» **Exercise**:
The answer must consist solely of the lines below starting at the one containing "(6b) | Au I |" and ending at the one containing "Pastel mavi kapaklı, kolay", repeated exactly, with both ends included and all pictures omitted.

[Start of Attachment]

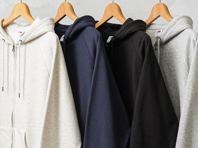 アメリカの老舗アパレルFRUIT OF THE LOOMから、ベーシックなカラーが特徴的なスウェットジップフーディーが登場しました。生地は肌触りの良いコットンを使用。タフで耐久性に優れながらも、着るたびに身体に馴染んでいく風合いが魅力です。程よい厚みがありながらも重たすぎず、デイリーに使いやすいバランスの取れた生地感となっています。
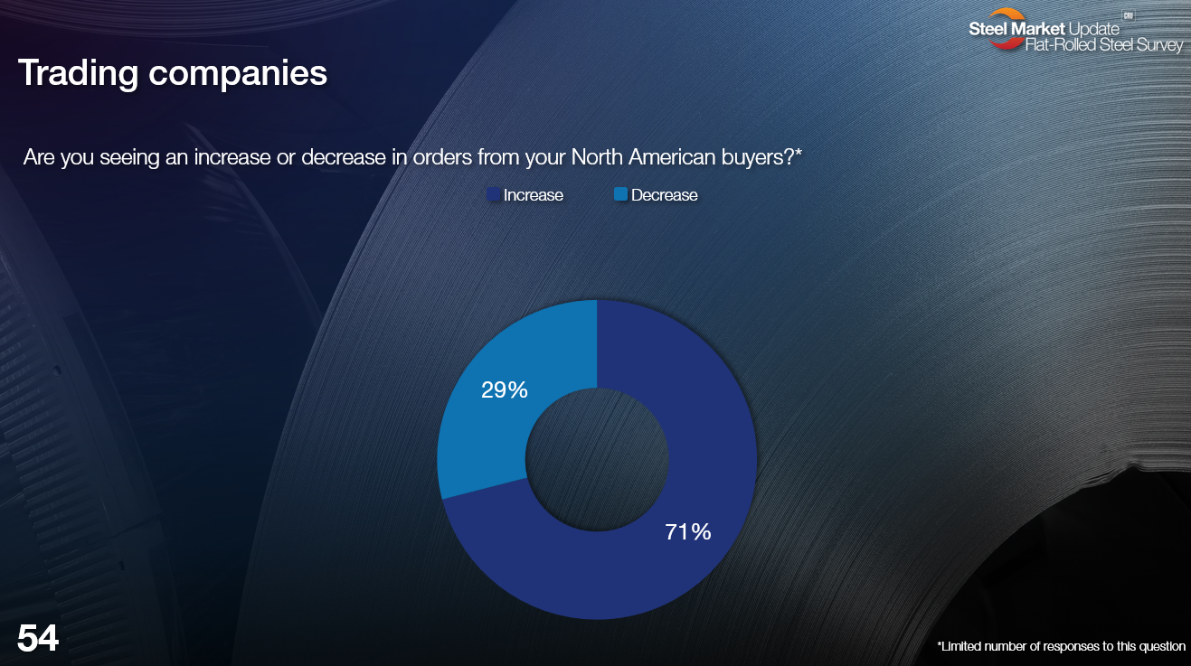 I say that because more than 70% of trading companies responding to our survey see increased demand from North American customers. Compare that to about 40% at the beginning of the year.
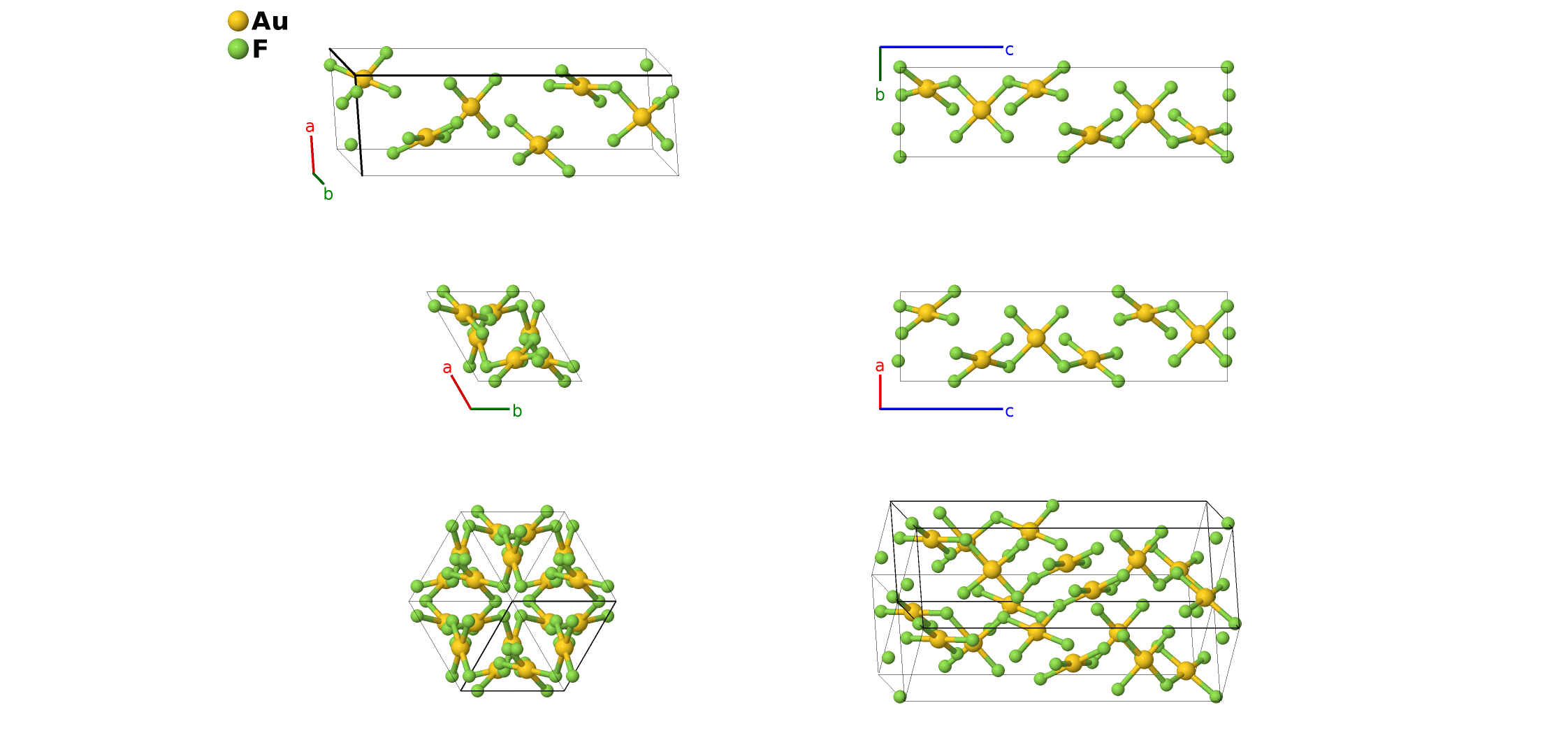 | $\mathbf{B_{9}}$ | = | $x_{2} \, \mathbf{a}_{1}- x_{2} \, \mathbf{a}_{2}+\frac{1}{12} \, \mathbf{a}_{3}$ | = | $- \sqrt{3}a x_{2} \,\mathbf{\hat{y}}+\frac{1}{12}c \,\mathbf{\hat{z}}$ | (6b) | Au I |
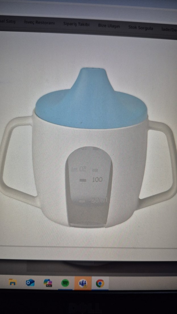 Pastel mavi kapaklı, kolay tutuşlu iki kulplu bebek suluk. 100 ml ölçü işaretli ve yumuşak uçlu.
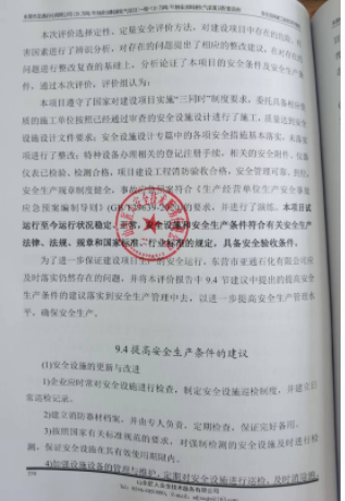 有必要公开的其它内容: 、《危险化学品生产企业安全生产许可证实施办法》(国家安全生产监督管理总局令第41号,总局令第79号及89号修订)等法律、法规、文件的规定要求,本评价组对东营海源化工股份有限公司安全现状评价得出结论如下: ⑴政府规划要求的符合性 海源化工厂区位于东营港化工产业园,东营港化工产业园属于山东省人民政府办公厅公布的第一批化工园区,该园区并经东营市人民政府办公室调整扩大。该公司位于扩大产业园内,并且所在厂区已取得不动产证。建设项目所在地符合当地政府的规划要求。 ⑵周边的安全防火距离评价 厂区附近无风景区和文物古迹,对环境和生态无危害,周边环境符合建厂条件。项目区内无架空电力、通讯线穿过,地下无输油、输气管线穿过。 本项目与厂外周边设施间的防火间距符合《石油化工企业设计防火标准(2018年版)》(GB50160-2008)、《建筑设计防火规范(2018年版)》(GB50016-2014)和《电力设施保护条例》(国务院令第239号,国务院令第588号修订)的相关要求。 根据《危险化学品生产装置和储存设施外部安全防护距离确定方法》(GB/T37243-2019)关于爆炸物、有毒气体、易燃气体的定义可知,本项目不涉及爆炸物、有毒气体;涉及的易燃气体主要有异丁烯。涉及的易燃气体设计量之和与其在GB18218-2018中规定的临界量比值之和大于1,根据GB/T37243-2019第4.3条可知,需采用定量风险评价法确定外部安全防护距离。 本评价采用中国安全生产科学研究院的重大危险源区域定量风险评估软件进行风险模拟分析(具体过程见本报告第3.2.2节)。 根据《危险化学品生产装置和储存设施风险基准》(GB36894-2018)可知,海源化工西南侧的东营科源供热有限公司的车间(100人以下)为一般防护目标中的三类防护目标。本厂区周边500m范围内不涉及高敏感防护目标、重要防护目标、一般防护目标中的一类、二类防护目标。 经过模拟分析,个人风险基准3×10-5次/年的区域范围内不存在《危险化学品生产装置和储存设施风险基准》(GB36894-2018)规定的一般防护目标中的三类防护目标;个人风险基准1×10-5次/年的区域范围内不存在《危险化学品生产装置和储存设施风险基准》(GB36894-2018)规定的一般防护目标中的二类防护目标;个人风险基准3×10-6次/年的区域范围内不存在《危险化学品生产装置和储存设施风险基准》(GB36894-2018)规定的高敏感防护目标、重要防护目标、一般防护目标中的一类防护目标。海源化工社会风险值曲线处于可接受区。 总体评价结论:通过对该系统现场的检查、评价,评价组认为该企业目前在安全管理、外部安全条件、总平面布置、主要装置及设施、储运设施、公用工程等方面符合要求,企业认真落实了8.2章节提出的整改建议,对隐患进行了整改,其目前的安全状态符合法律、法规、标准、规范的要求,具备安全使用条件。 | |||
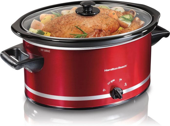 Hamilton Seashore 8 quart Pink Oval Gradual Cooker is ideal for giant meals resembling a 6 lb roast or 8 lb rooster. It options full-grip handles for straightforward carrying, detachable dishwasher protected stoneware, dishwasher protected glass lid, hold heat, high and low settings and purple metallic wrap. Preserve heat maintains the best serving temperature with out over cooking. In Field: Gradual Cooker, stoneware crock, glass lid, handbook.

[End of Attachment]

» **Response**:
 | $\mathbf{B_{9}}$ | = | $x_{2} \, \mathbf{a}_{1}- x_{2} \, \mathbf{a}_{2}+\frac{1}{12} \, \mathbf{a}_{3}$ | = | $- \sqrt{3}a x_{2} \,\mathbf{\hat{y}}+\frac{1}{12}c \,\mathbf{\hat{z}}$ | (6b) | Au I |
 Pastel mavi kapaklı, kolay tutuşlu iki kulplu bebek suluk. 100 ml ölçü işaretli ve yumuşak uçlu.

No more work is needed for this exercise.